Task prompt:
Transcribe exactly the lines from the one containing "2016年4月13日,團伙成員統一帶頭套,坐飛機押送回國。" through the end of the data, both included. Leave out pictures.

Provided material:
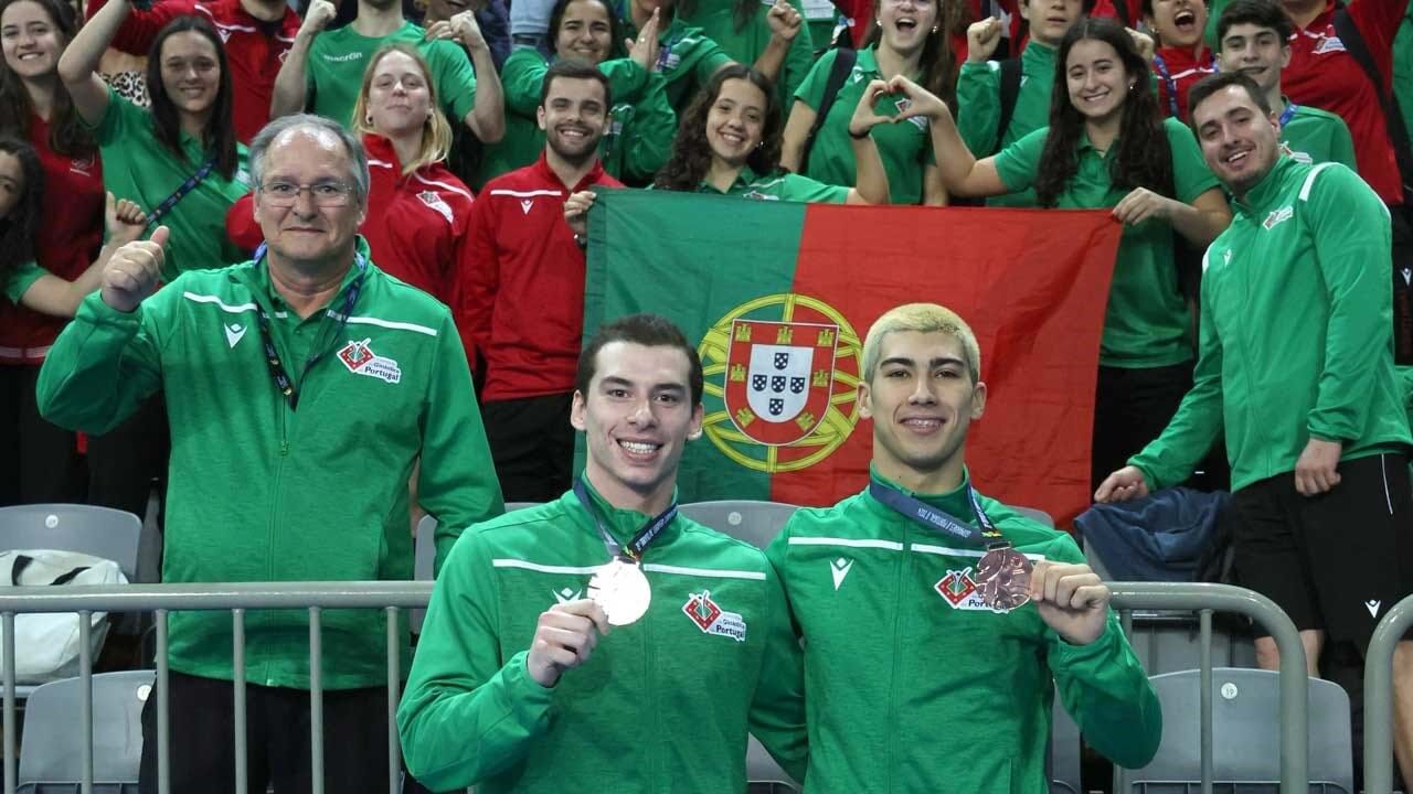 Os ginastas Gabriel Albuquerque e Lucas Santos conquistaram este sábado a medalha de bronze na final masculina de trampolim sincronizado, elevando para cinco as medalhas de Portugal na 29.ª edição dos Europeus de trampolins, que decorrem em Guimarães.
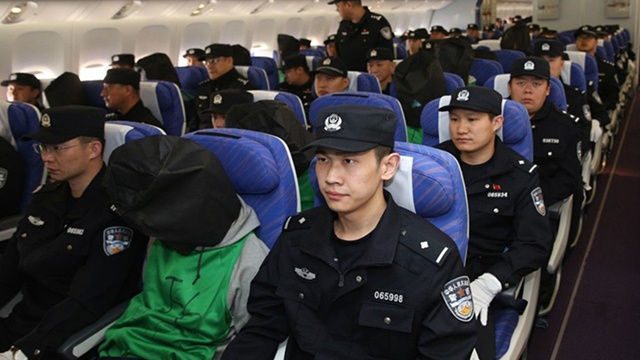 2016年4月13日,團伙成員統一帶頭套,坐飛機押送回國。
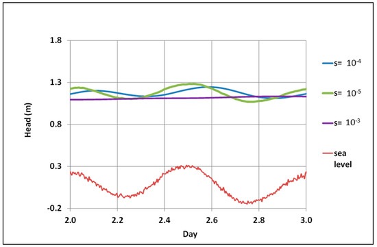 Transient heads at observation point 2 in the northern site (indicated in Figure 10, representing borehole 73) for various values of storativity/specific staorge of the confined unit B. Using high storativity, the aquifer tidal signal lags significantly after the sea, which is in disagreement with our observations.

Answer below:
 2016年4月13日,團伙成員統一帶頭套,坐飛機押送回國。
 Transient heads at observation point 2 in the northern site (indicated in Figure 10, representing borehole 73) for various values of storativity/specific staorge of the confined unit B. Using high storativity, the aquifer tidal signal lags significantly after the sea, which is in disagreement with our observations.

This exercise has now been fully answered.